Would it have happened if I hadn’t met Jemima Humphries? I’ll never know for sure, but I think I would have got there in the end. There were little bits of information, red herrings that I’d had to get out of my head. For example, the television producer, Mark Redmond, hadn’t told me that he’d stayed at the Crown Hotel in Framlingham over the weekend. Why not? The answer was quite simple when I thought about it. When he’d talked to me, he’d deliberately made it seem that he was on his own. It was only the receptionist at the hotel who’d mentioned that he was with his wife. But suppose it wasn’t his wife? Suppose it was a secretary or a starlet? That would have been a good reason for a longer stay – and a good reason to lie about it. And then there was James Taylor. He really had been in London with friends. The photograph of John White and Alan on the tower? White had gone round to see Alan on that Sunday morning. No wonder he and his housekeeper had looked uncomfortable when I spoke to them. The two of them had argued about the lost investment. But it wasn’t White who had attempted to kill Alan. It was the other way round. Wasn’t that obvious? Alan had grabbed hold of him at the top of the tower and the two of them had grappled for a moment. That was what the photograph showed. It was actually Alan’s killer who had taken it.
I flicked through a few more pages. I’m not sure I particularly cared who had killed Sir Magnus Pye, not at that moment anyway. But I knew what I was looking for and, sure enough, there it was, in part two of the final chapter.
It took him a short time to write the letter.
Dear James,
By the time that you read this, it will all be finished. You will forgive me for not having spoken to you earlier, for not taking you into my confidence but I am sure that in time you will understand.

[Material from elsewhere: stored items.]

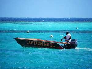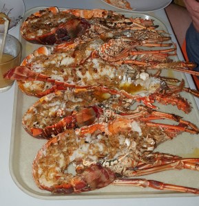 Tagsüber schwimmen wir im türkisenen Wasser und diskutieren viel. Angela liebt es, wenn ich sie schnorchelnd entlang der Riffkanten mit einer langen Leine hinter dem Dinghi herziehe. Sie bewundert die Unterwasserwelt und kann gar nicht genug davon bekommen. Abends essen wir Langusten an verschieden Orten. Ich stelle fest, dass Frischegrad und Geschmack deutlich variieren. Bekannterweise bin ich Meeresfrüchtefan und habe mich auf diese kulinarischen Spezialitäten schon seit langem gefreut. Es ist dann auch ein Erlebnis, was sich auch von den Kosten gut im Rahmen hält. Nur einen frischen trockenen Weißwein hätte ich ganz gerne dazu, aber hier muss ich Abschläge machen. Bier oder Wasser oder Rumpunsch. Basta. In dunkler Nacht suchen wir dann mit Stirnlampen und dem Dinghi unseren Weg durch die anderen Schiffe und Riffpassagen zurück zu unserer ITHAKA.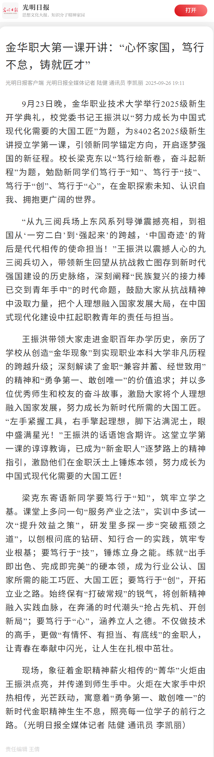 光明日报客户端:金华职大第一课开讲:“心怀家国,笃行不怠,铸就匠才”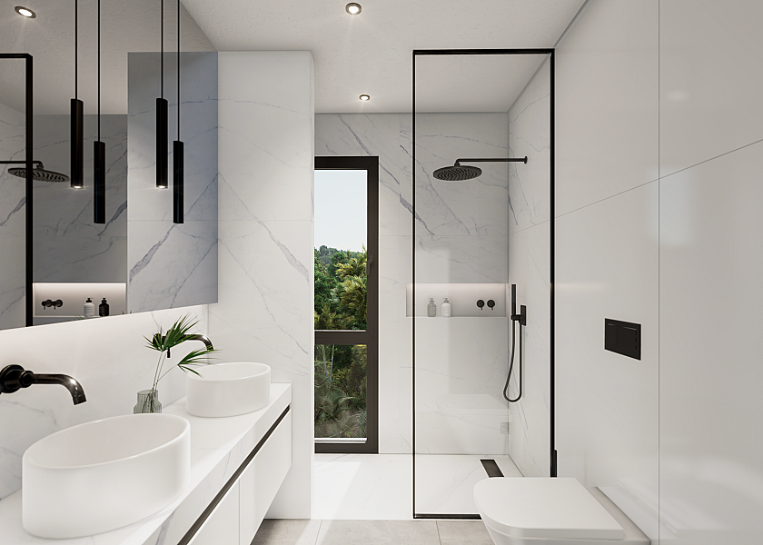 Här erbjuds sju moderna fristående villor med stroa trädgårdar, privat swimming pool och möjlighet till olika modifieringar och tillval.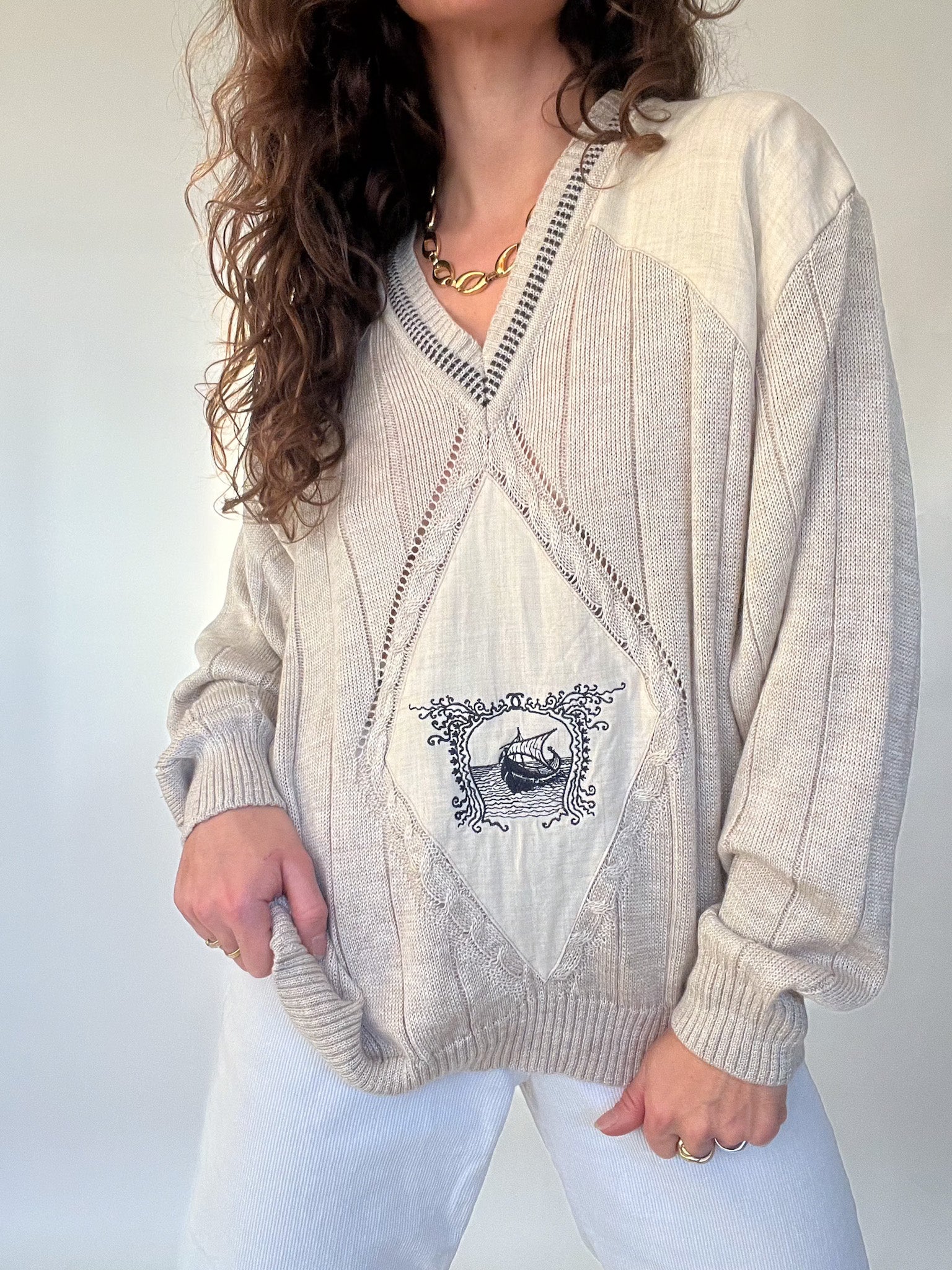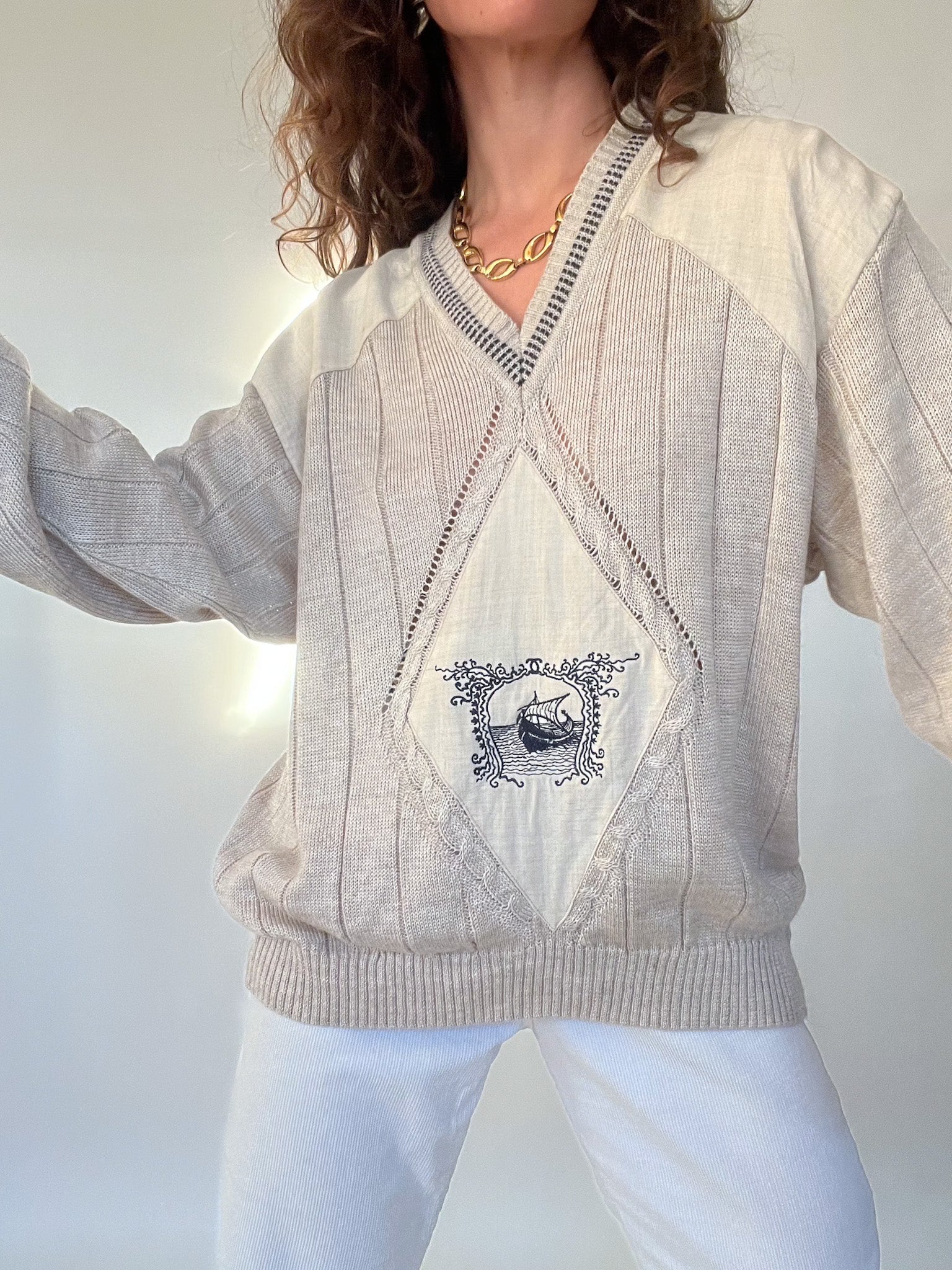 Vintage 80’s Beige Mixed-Knit Pullover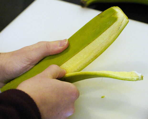 Una vez que baje la primera tira, el resto de la piel será más fácil de manejar. Pelar y cortar el resto de la piel apagado, dejando el almidón plátano.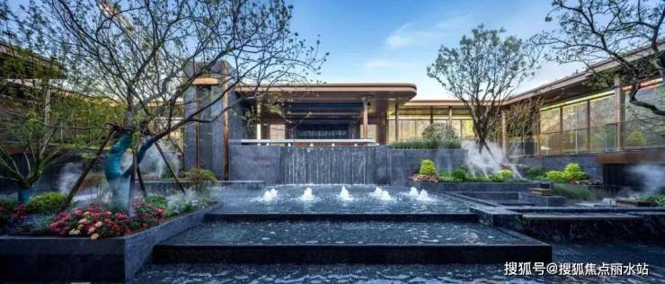 在园林内部抬高约2米,结合花园绿植、叠级水台、休闲卡座,打造出下沉式立体山水景观。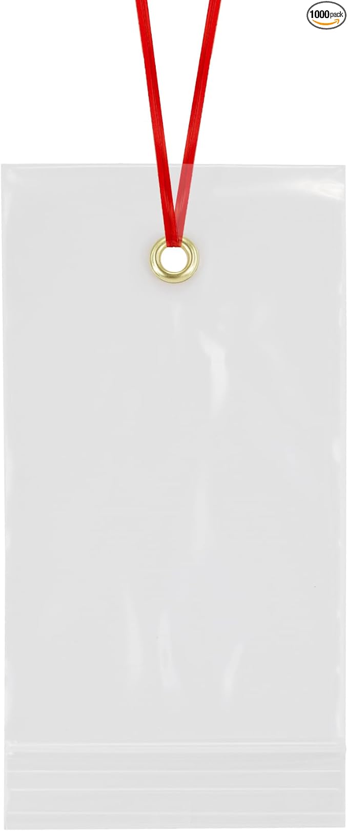 GPI - 3.5" x 6" Reclosable Zip Bags with Bottom Hang-hole & Pre-inserted 12" Twist-tie. 4 Mil Heavy-duty Resealable Zipper Baggy with Grommet/Metal Eyelet for Hanging (Insert Size 3x4.5) 1000 Pack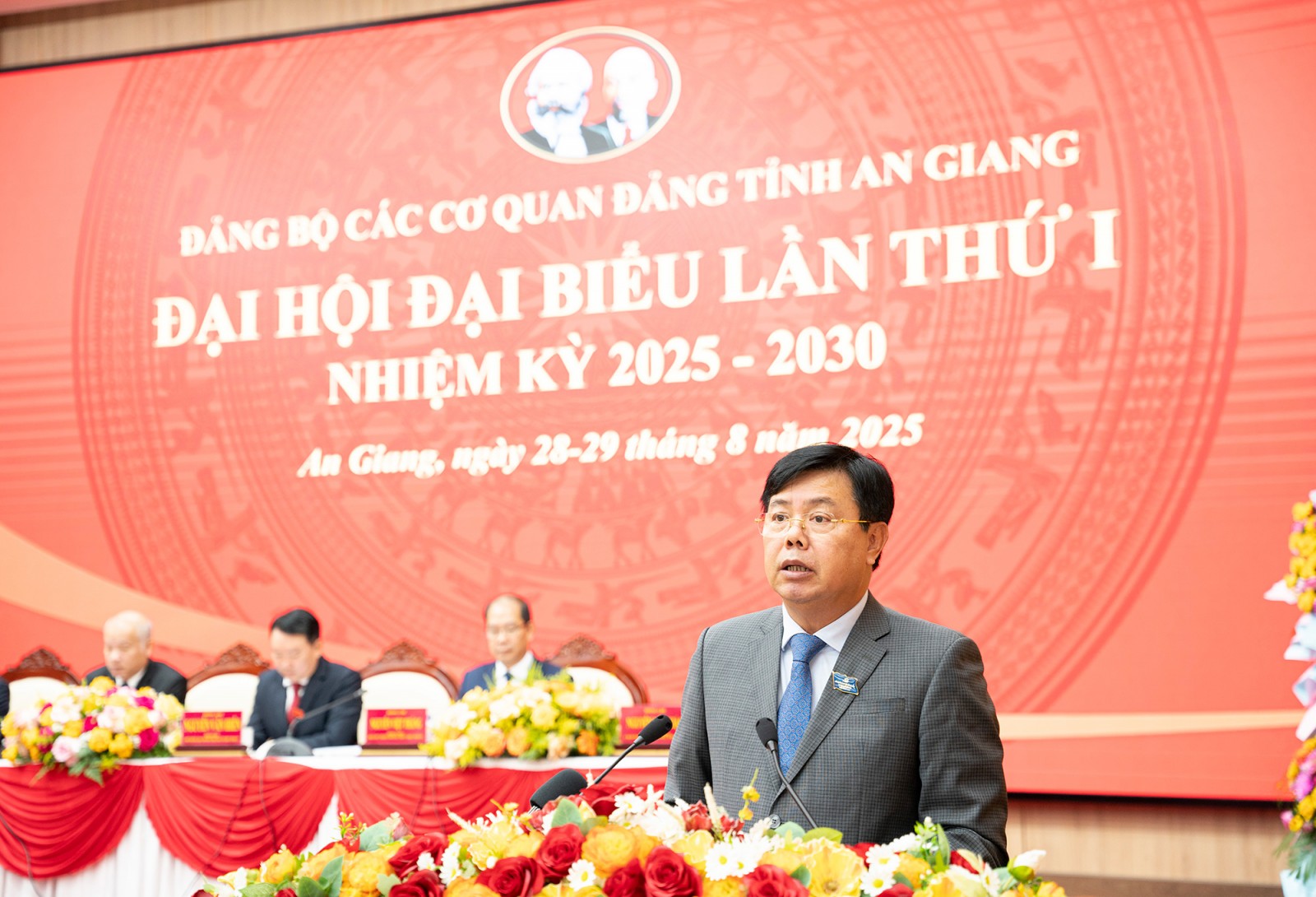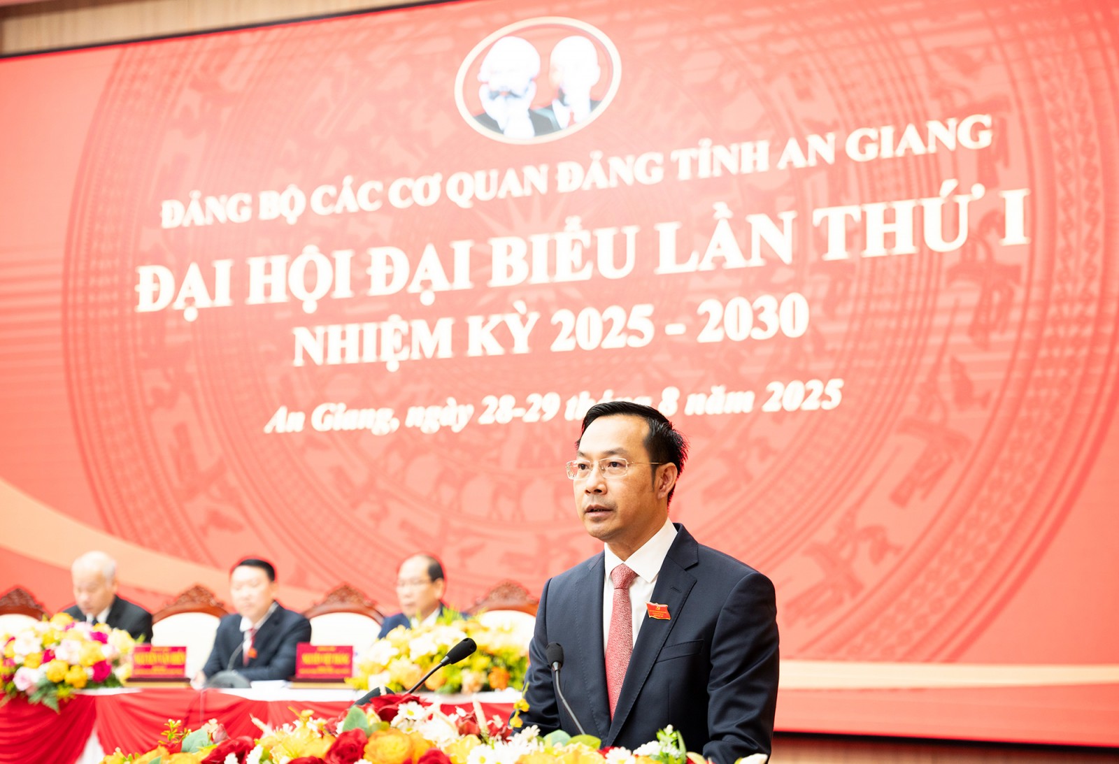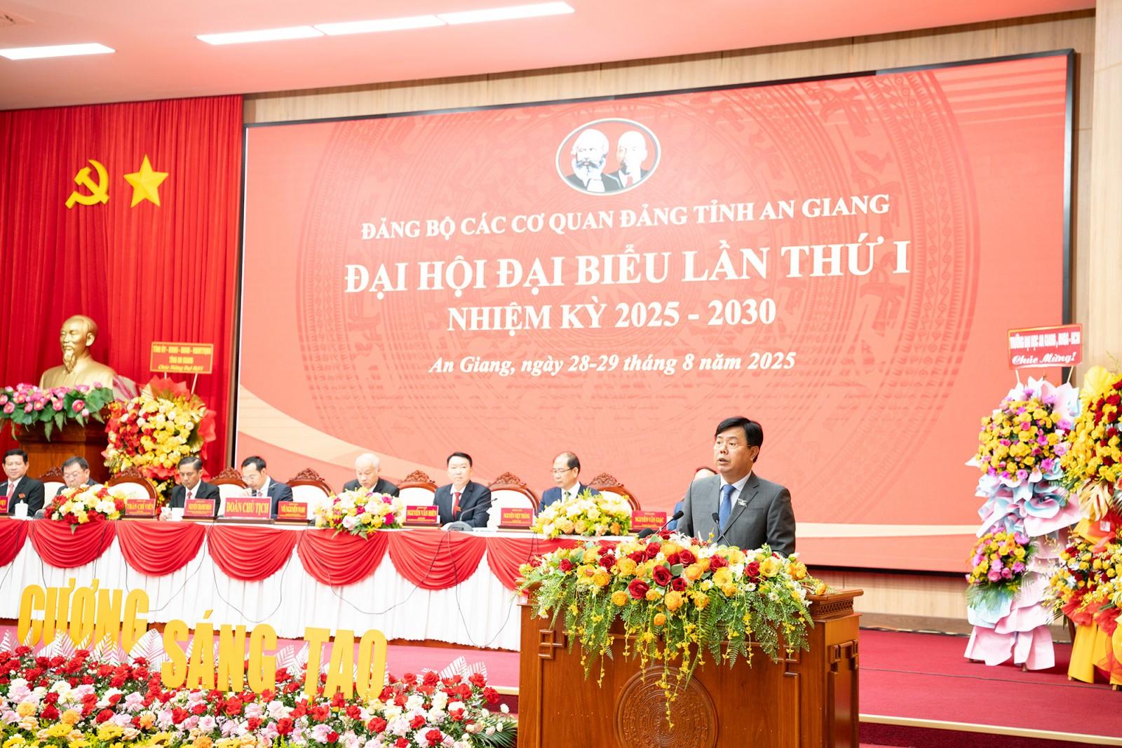 Ngày 28 và 29/8, Đảng bộ Các cơ quan Đảng tỉnh An Giang tổ chức Đại hội đại biểu lần thứ I, nhiệm kỳ 2025 - 2030, với sự tham dự của 123 đại biểu chính thức đại diện 1.848 đảng viên toàn đảng bộ. Ủy viên Ban Chấp hành Trung ương Đảng, Bí thư Tỉnh ủy An Giang Nguyễn Tiến Hải đến dự và chỉ đạo đại hội.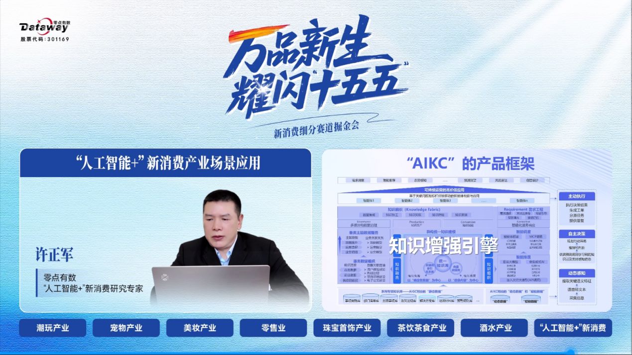 最后,零點有數(shù)CEO張軍總結(jié)了公司在推動新消費產(chǎn)業(yè)革命中的雙重角色:在政府側(cè),協(xié)助地方做好產(chǎn)業(yè)規(guī)劃與賽道篩選,通過自主研發(fā)的評估模型量化評估新消費產(chǎn)業(yè)潛力,助力地方政府提高新消費產(chǎn)業(yè)高質(zhì)量發(fā)展方向;在企業(yè)側(cè),通過“三級智能引擎”(技術(shù)層、數(shù)據(jù)層、運營層)賦能具體商業(yè)實踐,推動產(chǎn)品創(chuàng)新、供應(yīng)鏈管理和終端服務(wù)全鏈條的數(shù)據(jù)驅(qū)動敏捷迭代。她介紹,零點有數(shù)通過AIKC打造“零念”等智能平臺,幫助企業(yè)在產(chǎn)品創(chuàng)新、供應(yīng)鏈管理、終端服務(wù)等全鏈條實現(xiàn)數(shù)據(jù)驅(qū)動的敏捷迭代與價值增長。

There are some notes which I have written and which you will find in my desk. They relate to my condition and to the decision that I have made. I want it to be understood that the doctor’s diagnosis is clear and, for me, there can be no possibility of reprieve. I have no fear of death. I would like to think that my name will be remembered.
‘What are you doing, Susan?
That was as far as I’d got when I heard the voice, coming from the door, and looked up to see Charles Clover standing there. So there had been someone on the stairs. He was wearing corduroy trousers and a baggy jersey with a coat hanging loosely open. He looked tired.
‘I’ve found the missing chapters,’ I said.
‘Yes. I can see that.’
There was a long silence. It was only half past six but it felt later. There was no sound of any traffic outside.
‘Why are you here?’ I asked.
‘I’m taking a few days off. I came to get some things.’
‘How’s Laura?’
‘She had a little boy. They’re going to call him George.’
‘That’s a nice name.’
‘I thought so.’ He moved into the room and sat down in one of the armchairs. I was standing behind his desk so it was as if our positions had been reversed. ‘I can explain to you why I hid the pages,’ Charles said. I knew that he had already started thinking up an explanation and that, whatever he said, it wouldn’t be true.
‘There’s no need to,’ I said. ‘I already know everything.’
‘Really?’
‘I know you killed Alan Conway. And I know why.’
‘Why don’t you sit down?’ He waved a hand towards the cabinet where he kept his drinks. ‘Would you like a glass of something?’